In 1967, McDonnell Aircraft merged with the Douglas Aircraft Company to create McDonnell Douglas. Later that year Douglas Aircraft Company's space and missiles division became part of a new subsidiary called McDonnell Douglas Astronautics, located in Huntington Beach, California, producing the Delta series of launch vehicles. The new combined company also developed the F-15 Eagle and F/A-18 Hornet fighters.

He served as chairman of the United Nations Association of the United States, and in 1958 his company became the first organization in the world to celebrate United Nations Day as a paid holiday. In 1980 McDonnell was awarded the NAS Award in Aeronautical Engineering from the National Academy of Sciences.

He was succeeded as Chair of McDonnell Douglas by his nephew Sanford N. McDonnell in 1980.

McDonnell Douglas and Boeing consolidated in 1997.

==Personal life==
James McDonnell was married twice. His first marriage, to Mary Elizabeth Finney, took place in Baltimore, Maryland, on June 30, 1934. They had two children, James Smith McDonnell, III, born January 28, 1936, and John Finney McDonnell, born March 18, 1938. Mary McDonnell died on July 6, 1949. He married Priscilla Brush Forney on April 1, 1956, and adopted her three children from a previous marriage. His stepchildren included the prominent electrical engineer Dave Forney.

McDonnell died of a stroke on August 22, 1980. He was buried in Bellefontaine Cemetery in St. Louis.

==Legacy==
McDonnell founded the James S. McDonnell Foundation in 1950, which supports scientific, educational, and charitable causes on a local, national, and international level. The McDonnell Center for the Space Sciences is named after him, which he co-founded - established in 1974.
McDonnell Hall, housing part of the physics department at his alma mater, Princeton, also bears his name and an airplane-inspired design.

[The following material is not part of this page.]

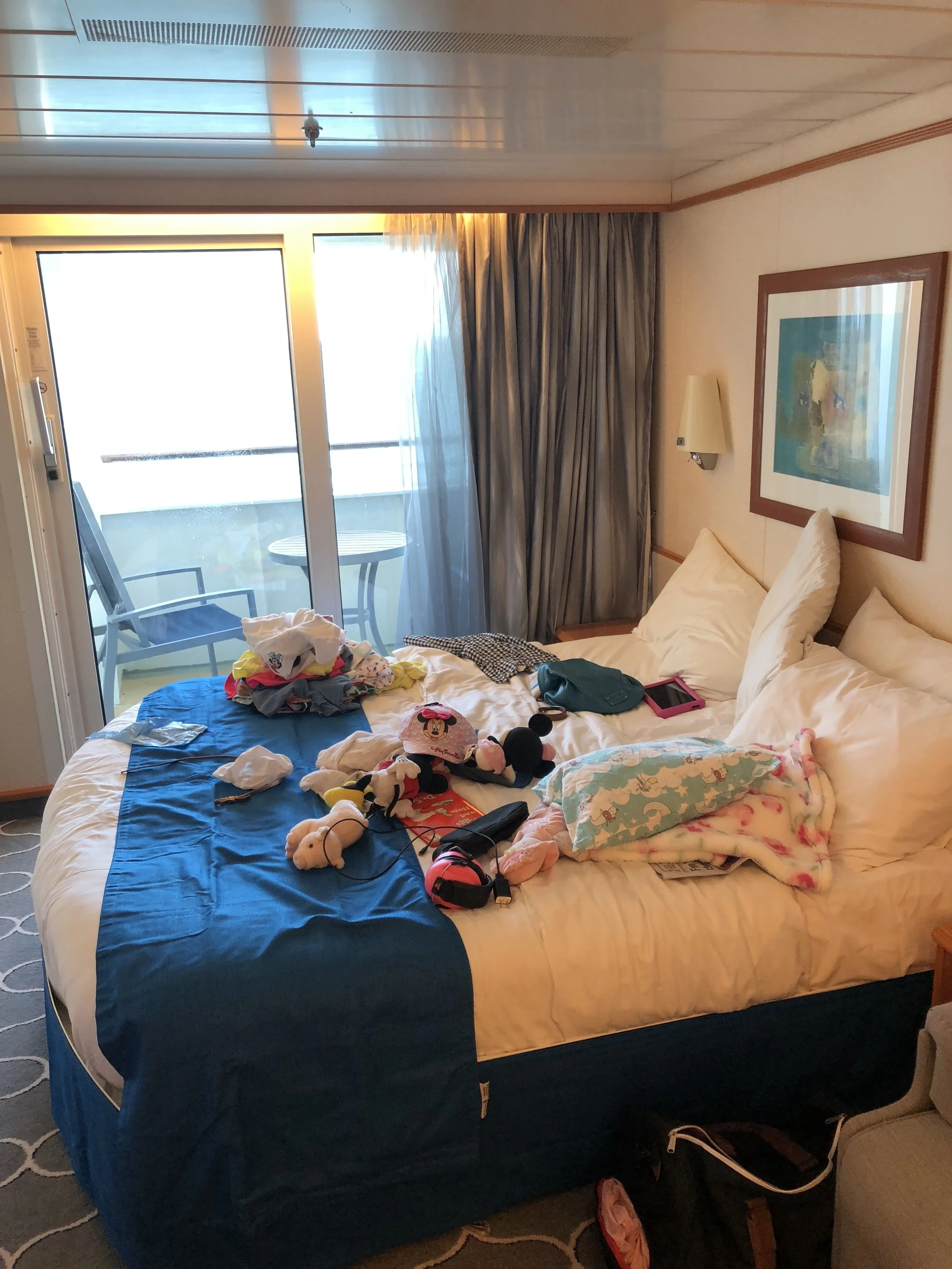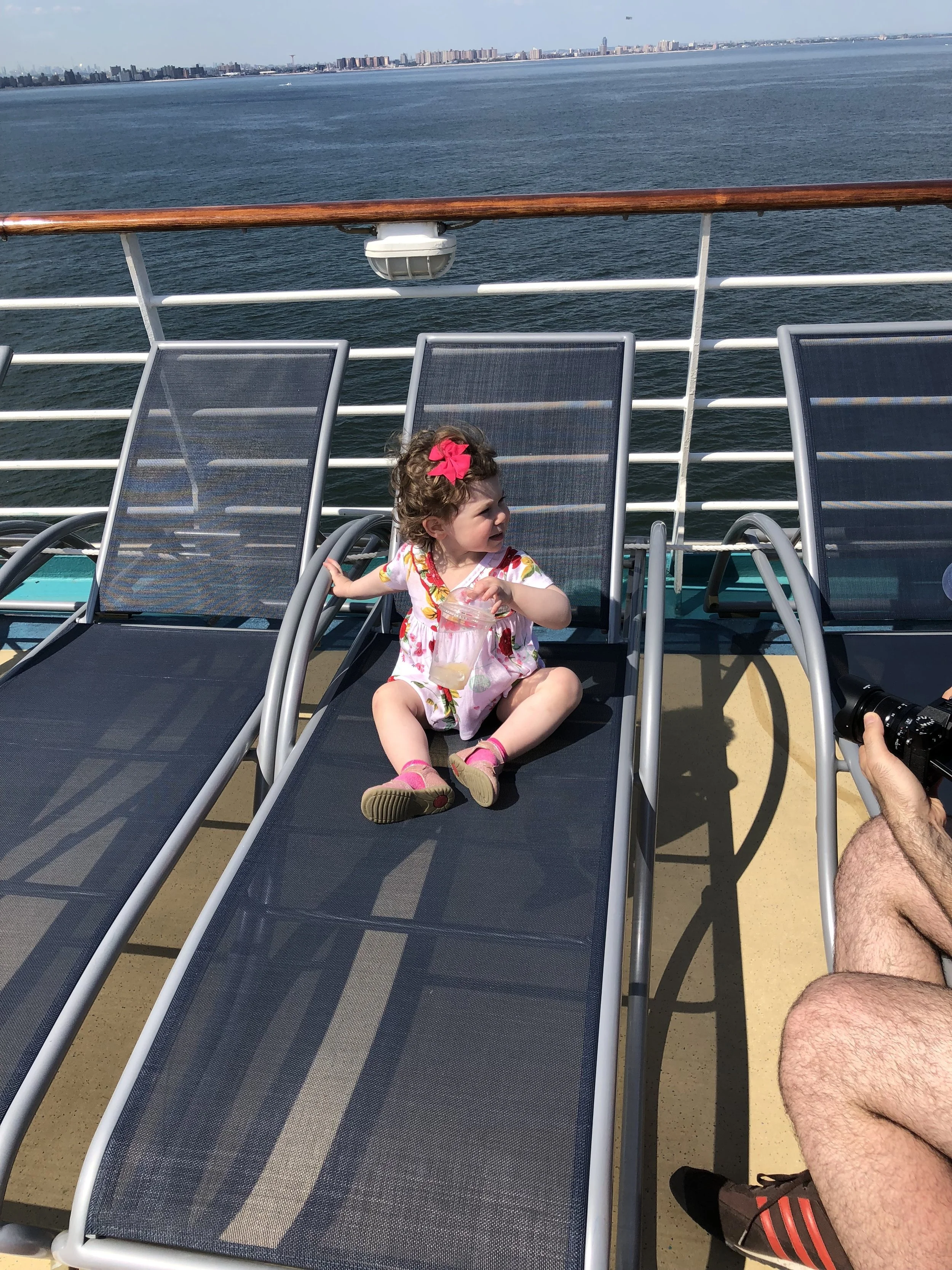 So we went to guest services. Guest services wasn’t much more helpful. The woman actually didn’t even apologize – she just said the crib is not for a two year old. It actually doesn’t make a lot of sense – kids stay in cribs until two, so what are they thinking? I was like give me someone who can help me brainstorm a solution here. I can’t believe they were just going to say ‘too bad.’ I said what, should I stick her on the floor with a blanket? They ended up getting the deck attendant on the phone, who said they would bring a mattress to put on the floor. Awesome.

The six James S. McDonnell Distinguished University Professorships at Princeton University were established by a gift from the James S. McDonnell Foundation in memory of James S. McDonnell. Among the Princeton faculty members who have held the professorship are Val Fitch, Joseph Taylor, Anne Treisman, Curtis G. Callan, Lyman A. Page, Eddie S. Glaude, and numerous others.

==Tributes==
McDonnell Park in St. Louis County is named in honor of James Smith McDonnell, as are the McDonnell Planetarium of the Saint Louis Science Center in Forest Park, the James S. McDonnell classroom and laboratory building at Princeton University, the James S. McDonnell Hall at Washington University in St. Louis, and James S. McDonnell Boulevard and James S. McDonnell Prologue Room near St. Louis Lambert International Airport.

The Arkansas Aviation Historical Society selected McDonnell in 1980 as one of five initial inductees in the Arkansas Aviation Hall of Fame.

McDonnell was enshrined in the National Aviation Hall of Fame in 1977.